The plan is to take the accessories power to charge the tablet, have the audio coming out using the 3.5 jack to the two amps.
would this work?

thanks.
Chris.


----------



## WinWiz (Sep 25, 2013)

Yes it should work, but you will need a lowpass xover for the sub and a highpass xover for your speakers. Do your amps have high- and low-pass ?

Please note that analog audio from android tablets is rather low quality


----------



## chris45389 (Feb 26, 2014)

WinWiz said:


> Yes it should work, but you will need a lowpass xover for the sub and a highpass xover for your speakers. Do your amps have high- and low-pass ?
> 
> Please note that analog audio from android tablets is rather low quality


I haven't bought anything for it yet. just wanted to be sure it would work before starting. and yeah, getting the right amps won't be a problem. 

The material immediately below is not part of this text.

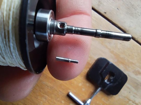 Le roulement de gauche est fixé directement sur l'axe de la bobine et il faut donc enlever celle-ci pour y avoir accès. Il est maintenu par une goupille métallique. C'est grâce à l'outil spécifique que l'on peut la retirer et ainsi accéder au roulement. Celui ci a pour dimensions 5x11x4.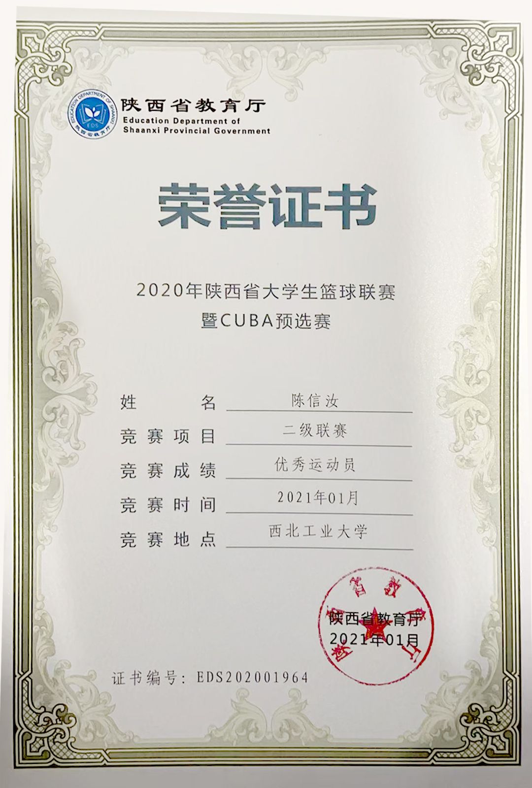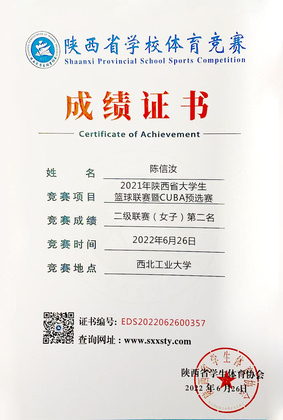 当年,陈信汝和队友们奋力拼搏,最终拿到了第三名的好成绩,担当后卫的陈信汝成为球队的头号得分手。2022年6月,欧亚女篮整体实力更进一步,陈信汝所在的团队又捧获了2021年陕西省大学生篮球联赛暨CUBAL预选赛二级联赛的亚军。

I was looking at some other people's way of doing this. and instead of using the aux jack. they used a parrot bluetooth and sent all the audio through this way. I can't imagine that giving better quality audio.

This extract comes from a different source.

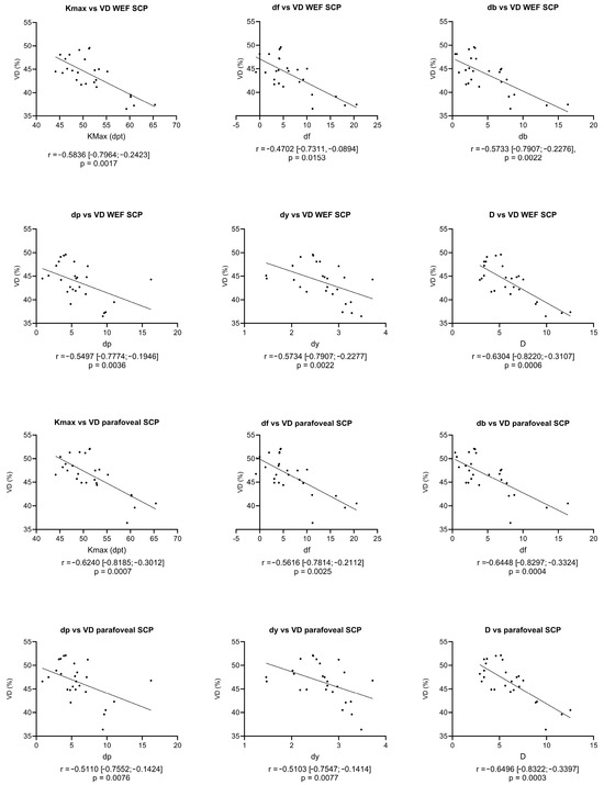 Moderate negative correlations (r ≥ 0.4) were detected for the Kmax and the whole en-face macular SCP VD (r = −0.5836 [−0.7964; −0.2423]), as well as for the df, db, dp and dy values and the whole en-face macular SCP VD (df: r = −0.4702 [−0.7311, −0.0894], db: r = −0.5733 [−0.7907; −0.2276], dp: r = −0.5497 [−0.7774; −0.1946] and dy: r = −0.5734 [−0.7907; −0.2277]). A strong negative correlation (r ≥ 0.6) was found for the D score and the whole en-face macular SCP VD (r = −0.6304 [−0.8220; −0.3107]). Strong negative correlations were also calculated for the Kmax, db value and D score and the foveal SCP VD (Kmax: r = −0.6240 [−0.8185; −0.3012], db: r = −0.6448 [−0−8297; −0.3324] and D: r = −0.6496 [−0.8322; −0.3397]) and moderate correlations for the df, dp and dy values and the foveal SCP VD (df: r = −0.5616 [−0.7814; −0.2112], dp: r = −0.5110 [−0.7552; −0.1424] and dy: r = −0.5103 [−0.7547; −0.1414]). Only weak correlations (r < 0.4) were detected for the control group, except for moderate negative correlations between the db values and the whole en-face macular SCP VD (r = −0.4064 [−0.6921; −0.0105]) and db values and the parafoveal subregion of the SCP VD (r = −0.4435 [−0.7150; −0.0558], p = 0.0232).

Any ideas for getting better quality then?


----------



## WinWiz (Sep 25, 2013)

Bluetooth compress the sound like mp3 so thats also low quality.
To get high SQ you need a tablet with a high quality dac (I'm not aware if any exist) or some digital audio output. Most people into SQ use the micro usb to get digital sound, but tablets like my nexus7 need a custom rom to support this. I think some tablets support digital out through a docking connector? But you will also need an external dac or an amp with digital input.
Tablets a cool and very convenient but requires so work if you want really great sound :surprised:
Its all been done before try using the search.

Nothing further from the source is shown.